第3章ー11
奉天会戦が始まった際の第2軍、第4軍、第1軍各司令部内の会話です。
2月22日に鴨緑江軍の攻撃が始まったのを皮切りに、第2軍、第4軍も正面の露軍陣地に対する事前砲撃を始めた。
旅順要塞攻撃に活躍した28サンチ榴弾砲等がこの砲撃を行う。
「ゆったりとした砲撃ですな」
第2軍参謀長の大迫尚道少将は第2軍司令官の奥保鞏大将に語りかけた。
「10日はかける予定だからな」
奥大将はのんびりとした口調で答えた。
「事実上11月中で旅順要塞が陥落したからな。その後も、外国から弾薬を輸入したり、国内で弾薬の増産に努めたり、いろいろ工夫したおかげで、思い切り砲弾を浴びせることが出来る。これなら砲撃後の突撃も可能だ」
その後、奥大将は呟いた。
「10年、いや5年、いやいや3年でいい。時代がずれていたら、幕府歩兵隊の末裔たる海兵隊が陸軍になっていたという話があるな。もし、そうなっていたら、四境戦争の初陣の時にわしは負け戦を経験することも無かったろうに、そして、わしはどうなっていたかな。その時は、林忠崇提督が大山巌大将の役目を果たしていて、わしの上官になっていたかもな」
それは、それで楽しい想像だな、奥大将は内心で更にそう呟いた。
「早く突撃を開始したいものだ」
第4軍司令官の野津道貫大将はぼやいた。
「まあまあ、昼前なのに今朝から3回目ですな」
娘婿でもある第4軍参謀長の上原勇作少将は義父をなだめた。
「まだ、初日ですよ。後、9日は待たないと突撃は始められません」
「そんなに待てるか。おい、大山の所に早く突撃を開始したいと意見具申してこい」
野津の方が満州軍総司令官の大山巌元帥より1歳年上である。
同じ薩摩出身ということも加わり、階級等が上でも大山元帥に対して遠慮が野津大将には全く無かった。

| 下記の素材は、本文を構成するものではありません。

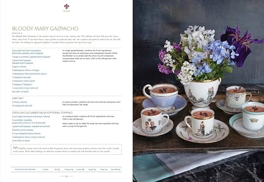 As you know I love setting a beautiful table and the tablescapes are as inspirational as the food is masterful. This tray of Bloody Mary Gazpacho sits in front of a smokey plaster background.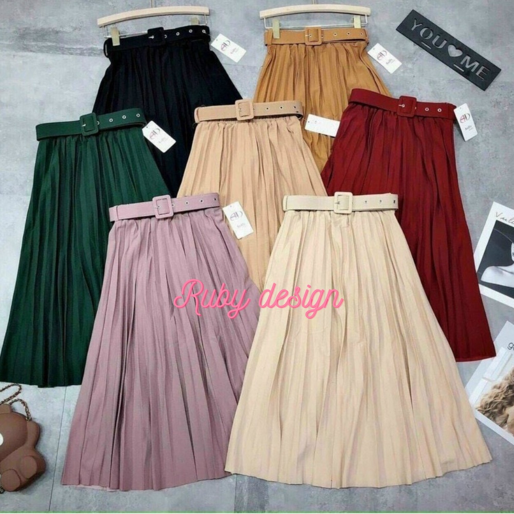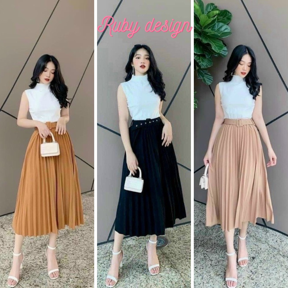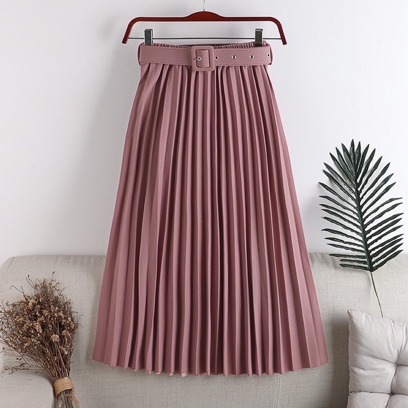 Chân váy xếp ly, chân váy xếp ly dáng dài tiểu thư kèm đai lưng có đục lỗ hàng Quảng Châu cao cấp Loại 1 - Ruby design

「第4軍の任務は露軍の目を我々に引きつけ、第3軍の迂回を支援することです。それは分かっておられるでしょうに」
「分かっておる」
上原少将の言葉に野津大将は渋々肯いた。
「しかしな、露軍にわしは早く突撃したいのだ」
まるで駄々っ子だ、上原少将は思った。
第3軍の役目を第4軍が請け負わなくて正解だった。
義父のことだから、目の前の露軍に突撃してしまい、迂回作戦を失敗させていた公算大だ。
「黒木はもう少ししたら出るのか」
「そう聞いております」
黒木為楨大将は第1軍の司令官で、露軍の左翼を迂回することになっている。
野津大将は同じ薩摩出身と言うこともあり、黒木大将をライバル視している。
「わし率いる第4軍が第1軍の役目を果たせばよかったな」
野津大将は更にぼやいた。
それは絶対に駄目だ、上原少将は顔に出ないように細心の注意を払いながら、内心でそう思った。
林提督が上官なら苦労はしなくて済むのにな、上原少将は更にそうも思った。
「さて、そろそろ出るか」
近所にちょっと出かけるか、のような口ぶりで第1軍司令官の黒木大将は司令部の幕僚たちに命令を発した。
第1軍参謀長の藤井茂太少将が、その口調に合わせたように発言した。
「では、第1軍は露軍を迂回して、鉄嶺を目指しますか」
「第3軍に遅れを取るわけにはいかんからな。第3軍先鋒の海兵師団より先に鉄嶺へ第1軍は突入せんといかん」
黒木大将の口調は楽しげだった。
「遊びの場所に先にどちらが着くか競走されているようですな」
藤井少将は更に言った。
「海兵隊の林提督はよき好敵手だからな。実際に競走させてもらえたら楽しくもなるさ」
黒木大将の口調はあくまでも楽しげだった。
「我々は山道を行くのでつらい競走になりますよ」
「それくらいの不利は許容範囲だ」
藤井少将と黒木大将の会話は大会戦を前にしたものとしては楽しげなままだった。
第1軍は鉄嶺を目指して出発した。